Mexilhão de lábios verdes da Nova Zelândia

Visão geral clínica

Usar

dosagem

Apenas estão disponíveis dados limitados de estudos clínicos relativamente à posologia terapêutica. Estudos sobre artrite e asma relataram dosagens variadas de preparações comerciais com vários ingredientes, dificultando o estabelecimento de recomendações de dosagem.

Contra-indicações

Hipersensibilidade a mariscos. Use com cautela em pessoas com insuficiência hepática.

Gravidez/amamentação

Evite usar. Faltam informações sobre segurança e eficácia durante a gravidez e a amamentação. Estudos em animais sugerem que os componentes dos extratos de Perna podem ter efeitos prejudiciais ao feto.

Interações

Nenhum está bem documentado.

Efeitos colaterais

Foram observados desconforto gastrointestinal e piora temporária da dor artrítica. Também foi observada insuficiência hepática, mas a frequência parece ser baixa. A exposição prolongada tem causado asma ocupacional em trabalhadores do processamento de mariscos.

toxicologia

Sem dados.

Família científica

  • Mytilidae

fonte

Existem duas espécies de mexilhões verdes: P. canaliculus é encontrado nas águas temperadas da Nova Zelândia, enquanto Perna viridis é comum em toda a região do Indo-Pacífico, que inclui Japão, Malásia, Indonésia e Filipinas.
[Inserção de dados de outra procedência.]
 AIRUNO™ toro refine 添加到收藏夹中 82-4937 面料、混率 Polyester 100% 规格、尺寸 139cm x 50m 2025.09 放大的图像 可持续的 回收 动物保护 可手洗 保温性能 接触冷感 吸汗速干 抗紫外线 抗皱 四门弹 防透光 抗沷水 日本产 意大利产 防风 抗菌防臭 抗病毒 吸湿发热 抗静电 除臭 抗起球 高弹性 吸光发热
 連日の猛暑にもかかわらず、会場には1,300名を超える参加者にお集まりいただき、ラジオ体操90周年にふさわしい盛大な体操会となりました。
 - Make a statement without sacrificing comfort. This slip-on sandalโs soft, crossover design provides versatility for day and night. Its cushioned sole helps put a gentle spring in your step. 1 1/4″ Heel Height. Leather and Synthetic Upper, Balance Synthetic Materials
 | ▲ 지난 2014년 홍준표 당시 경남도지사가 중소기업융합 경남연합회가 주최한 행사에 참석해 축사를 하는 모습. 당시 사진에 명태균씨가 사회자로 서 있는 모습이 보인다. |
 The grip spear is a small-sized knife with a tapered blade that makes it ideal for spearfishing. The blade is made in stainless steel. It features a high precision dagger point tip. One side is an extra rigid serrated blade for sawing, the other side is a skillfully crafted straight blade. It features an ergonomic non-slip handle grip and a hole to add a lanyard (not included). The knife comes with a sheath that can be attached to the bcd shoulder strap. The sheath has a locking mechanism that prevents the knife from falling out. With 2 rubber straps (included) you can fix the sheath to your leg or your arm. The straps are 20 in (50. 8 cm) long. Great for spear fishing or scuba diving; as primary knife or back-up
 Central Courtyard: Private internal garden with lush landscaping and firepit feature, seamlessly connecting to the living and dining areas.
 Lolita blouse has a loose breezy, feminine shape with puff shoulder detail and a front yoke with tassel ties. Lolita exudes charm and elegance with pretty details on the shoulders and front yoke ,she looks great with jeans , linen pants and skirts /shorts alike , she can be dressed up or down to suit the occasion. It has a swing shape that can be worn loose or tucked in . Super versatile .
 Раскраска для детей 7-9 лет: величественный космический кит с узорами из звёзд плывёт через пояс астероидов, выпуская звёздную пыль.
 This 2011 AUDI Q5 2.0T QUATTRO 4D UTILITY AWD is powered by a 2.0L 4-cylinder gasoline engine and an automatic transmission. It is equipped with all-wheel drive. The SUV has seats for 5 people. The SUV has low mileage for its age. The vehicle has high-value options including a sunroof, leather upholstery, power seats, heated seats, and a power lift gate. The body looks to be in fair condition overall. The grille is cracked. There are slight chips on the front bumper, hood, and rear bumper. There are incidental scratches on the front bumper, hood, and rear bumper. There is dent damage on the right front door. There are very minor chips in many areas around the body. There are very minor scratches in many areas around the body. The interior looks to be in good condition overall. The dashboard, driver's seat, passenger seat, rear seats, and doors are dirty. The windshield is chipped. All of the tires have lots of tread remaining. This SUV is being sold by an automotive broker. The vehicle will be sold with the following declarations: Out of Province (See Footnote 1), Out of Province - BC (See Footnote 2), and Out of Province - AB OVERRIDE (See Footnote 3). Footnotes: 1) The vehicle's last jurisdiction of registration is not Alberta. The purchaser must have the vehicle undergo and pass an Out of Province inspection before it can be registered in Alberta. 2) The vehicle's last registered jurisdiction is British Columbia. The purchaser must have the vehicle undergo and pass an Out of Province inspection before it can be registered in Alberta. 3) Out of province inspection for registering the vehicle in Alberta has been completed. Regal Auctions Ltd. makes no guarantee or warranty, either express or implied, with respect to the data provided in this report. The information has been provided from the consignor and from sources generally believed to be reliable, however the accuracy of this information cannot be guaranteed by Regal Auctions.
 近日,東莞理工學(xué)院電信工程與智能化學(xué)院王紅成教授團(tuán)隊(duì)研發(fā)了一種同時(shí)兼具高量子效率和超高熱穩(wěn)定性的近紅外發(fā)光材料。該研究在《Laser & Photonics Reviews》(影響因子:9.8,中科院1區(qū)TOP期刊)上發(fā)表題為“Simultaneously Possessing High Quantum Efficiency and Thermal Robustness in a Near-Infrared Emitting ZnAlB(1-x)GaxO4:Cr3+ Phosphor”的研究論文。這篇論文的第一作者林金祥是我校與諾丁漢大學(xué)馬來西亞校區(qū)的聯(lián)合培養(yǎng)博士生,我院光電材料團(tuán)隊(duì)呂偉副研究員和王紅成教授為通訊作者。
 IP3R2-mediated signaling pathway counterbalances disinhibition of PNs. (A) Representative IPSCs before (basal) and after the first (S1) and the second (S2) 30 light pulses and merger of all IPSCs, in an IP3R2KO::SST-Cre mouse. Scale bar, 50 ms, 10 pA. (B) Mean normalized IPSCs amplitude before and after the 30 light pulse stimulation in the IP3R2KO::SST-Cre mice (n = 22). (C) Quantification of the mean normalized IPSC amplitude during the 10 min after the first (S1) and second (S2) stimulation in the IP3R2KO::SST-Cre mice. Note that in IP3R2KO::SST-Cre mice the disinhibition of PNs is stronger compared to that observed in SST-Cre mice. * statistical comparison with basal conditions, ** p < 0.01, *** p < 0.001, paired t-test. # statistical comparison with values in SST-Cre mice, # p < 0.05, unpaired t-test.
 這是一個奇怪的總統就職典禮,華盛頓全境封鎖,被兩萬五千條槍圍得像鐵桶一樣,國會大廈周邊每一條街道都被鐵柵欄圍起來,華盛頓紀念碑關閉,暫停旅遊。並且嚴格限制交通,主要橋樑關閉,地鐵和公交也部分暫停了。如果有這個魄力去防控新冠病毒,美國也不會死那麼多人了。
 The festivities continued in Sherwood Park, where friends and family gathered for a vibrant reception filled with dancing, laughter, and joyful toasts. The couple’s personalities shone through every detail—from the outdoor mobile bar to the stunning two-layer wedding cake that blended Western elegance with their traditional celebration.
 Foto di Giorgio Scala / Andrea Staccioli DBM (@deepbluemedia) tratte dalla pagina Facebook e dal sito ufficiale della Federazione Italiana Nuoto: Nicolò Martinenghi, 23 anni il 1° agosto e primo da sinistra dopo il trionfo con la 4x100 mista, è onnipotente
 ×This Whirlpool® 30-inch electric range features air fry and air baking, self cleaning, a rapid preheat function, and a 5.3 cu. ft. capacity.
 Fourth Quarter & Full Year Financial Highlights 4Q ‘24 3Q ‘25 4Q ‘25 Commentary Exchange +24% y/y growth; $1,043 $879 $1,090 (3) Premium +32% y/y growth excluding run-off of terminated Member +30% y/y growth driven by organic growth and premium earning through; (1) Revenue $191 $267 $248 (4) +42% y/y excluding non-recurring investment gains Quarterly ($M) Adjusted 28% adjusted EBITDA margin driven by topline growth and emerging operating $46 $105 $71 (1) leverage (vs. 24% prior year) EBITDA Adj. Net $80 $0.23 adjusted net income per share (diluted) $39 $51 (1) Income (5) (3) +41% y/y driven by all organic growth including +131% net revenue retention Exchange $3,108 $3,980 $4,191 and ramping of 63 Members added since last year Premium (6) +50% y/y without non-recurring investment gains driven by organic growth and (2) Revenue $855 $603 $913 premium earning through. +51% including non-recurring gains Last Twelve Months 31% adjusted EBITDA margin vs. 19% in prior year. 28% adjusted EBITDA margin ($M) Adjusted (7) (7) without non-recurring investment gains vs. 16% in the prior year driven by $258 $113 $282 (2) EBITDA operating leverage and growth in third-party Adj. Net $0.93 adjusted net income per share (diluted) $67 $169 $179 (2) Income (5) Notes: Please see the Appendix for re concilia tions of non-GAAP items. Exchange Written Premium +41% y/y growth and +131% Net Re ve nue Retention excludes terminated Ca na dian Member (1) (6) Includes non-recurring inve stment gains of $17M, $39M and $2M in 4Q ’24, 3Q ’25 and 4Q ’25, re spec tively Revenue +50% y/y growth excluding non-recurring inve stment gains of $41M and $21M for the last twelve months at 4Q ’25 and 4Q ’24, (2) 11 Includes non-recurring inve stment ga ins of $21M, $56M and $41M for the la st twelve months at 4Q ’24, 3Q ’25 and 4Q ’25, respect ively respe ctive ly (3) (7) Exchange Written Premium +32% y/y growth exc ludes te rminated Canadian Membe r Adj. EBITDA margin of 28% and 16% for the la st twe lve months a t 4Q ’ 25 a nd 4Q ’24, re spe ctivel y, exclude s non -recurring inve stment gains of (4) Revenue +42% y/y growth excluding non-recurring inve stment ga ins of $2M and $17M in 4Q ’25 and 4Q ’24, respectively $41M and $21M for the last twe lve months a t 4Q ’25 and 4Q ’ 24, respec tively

Os mexilhões verdes são cultivados comercialmente na Tailândia e nas Filipinas, sendo a Nova Zelândia considerada o maior exportador.FAO 1988

História

Suplementos de marisco são usados ​​como remédios tradicionais para a artrite, principalmente pelos povos indígenas Maori da Nova Zelândia. Os estudos iniciais foram limitados por problemas com os processos de extração, pois a atividade é perdida durante o tratamento térmico ou a liofilização. Brien 2008, Doggrell 2011

Química

Embora a composição da fração lipídica varie, possivelmente devido aos diferentes métodos de coleta, transporte e tempo de armazenamento, ela é geralmente cerca de 8% do peso liofilizado. Murphy 2003 Os triglicerídeos formam a maior fração, seguidos pelos ácidos graxos livres, esteróis e fosfolipídios. Pequenas quantidades de ésteres de esterol são encontradas em algumas amostras. Os ácidos graxos são predominantemente poliinsaturados, principalmente na forma de ômega-3 (40% do total de ácidos graxos poliinsaturados). Os ácidos graxos ômega-6 estão presentes em quantidades muito menores (cerca de 5% do total de ácidos graxos poliinsaturados). Os principais ácidos graxos identificados são o ácido docosahexaenóico, o ácido eicosapentaenóico e o ácido palmítico. O colesterol é o principal esterol (31% de todos os esteróis), com quantidades menores de desmosterol/brassicasterol, colesterol 24-metileno, trans-22-desidrocolesterol, nordehidrocolesterol e ocelastrol. Murphy 2003 Glicosaminoglicanos, um grupo de carboidratos não ramificados de alto peso molecular, também estão presentes; O sulfato de condroitina é de particular interesse.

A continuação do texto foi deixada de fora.